**EXCERPTED DATA**

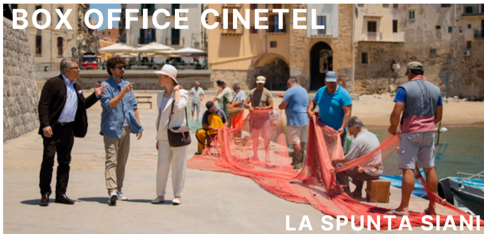
LA SPUNTA SIANI

Dopo un serrato testa a testa, nel weekend Cinetel 4-7 gennaio è primo Succede anche nelle migliori famiglie di Alessandro Siani (01), 2,1 milioni di euro in 425 cinema (media: 4.948 euro), totale 3,86 M€ e 533mila presenze. Secondo Il ragazzo e l'airone (Lucky Red), 1,97 M€ in 429 cinema (media: 4.595 euro), totale 3,94 M€ e 525mila presenze. Terzo Wish (Disney), 1,59 M€ e totali 8,07 M€ e 1,15 milioni di spettatori, seguito da Wonka (WB), 1,53 M€ e in totale 12,85 M€ e 1,7 milioni di spettatori. Quinto al debutto 50km all'ora (Eagle), 1,14 M€ e 156mila presenze in 430 cinema (media: 2.671 euro), sesto Come può uno scoglio (Vision/Universal), 1,08 M€ e totali 3,39 M€ con 469mila presenze. C'è ancora domani (Vision/Universal) è settimo con 811mila euro e in totale 34,53 M€ e 5,05 milioni di presenze; ottavo Aquaman e il regno perduto (WB), 749mila euro, totale 5,14 M€ e 660mila presenze. Seguono due debutti: nono Perfect days (Lucky Red), 651mila euro in 148 cinema (media: 4.402 euro), totale 670mila € e 95mila presenze; decimo Wonder - White Bird (Medusa/Notorious), 435mila euro e 61mila spettatori in 307 cinema (media: 1.419 euro).
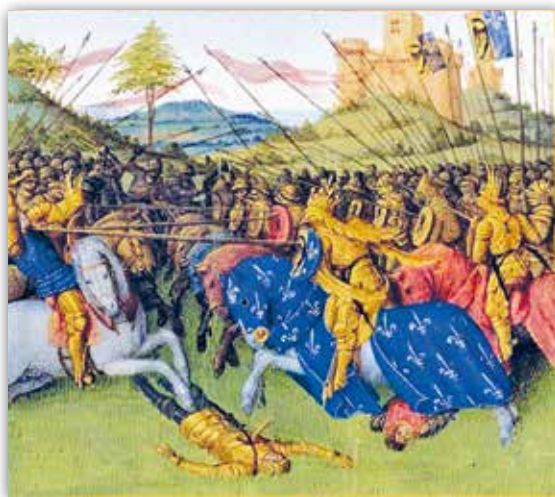
Жан Фуке. Карл Вялікі ў бітве. Мініяцюра з « Вялікіх французскіх хронік » (каля 1458 г.)

Параўнайце мініяцюры братоў Лімбург і Жана Фуке. Пры дапамозе якіх сродкаў выразнасці мастакі перадаюць глыбіню прасторы? У якой мініяцюры, на ваш погляд, мастак больш ярка і шчыра паказвае асабістае стаўленне да персанажаў?
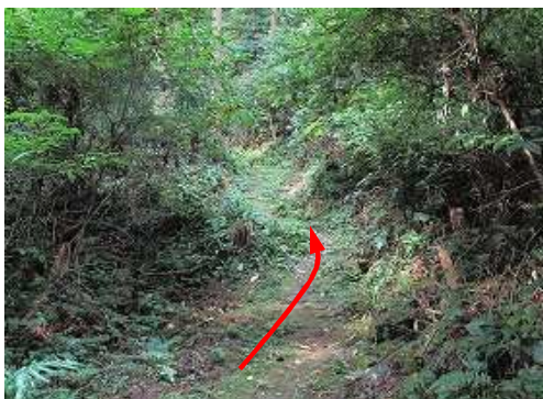
緩やかに上って行く。

**WHAT THE TASK ASKS**
Your reply must be one number: how many lines of the material hold the string "Фуке".

**OUTPUT FOR THIS EXERCISE**
2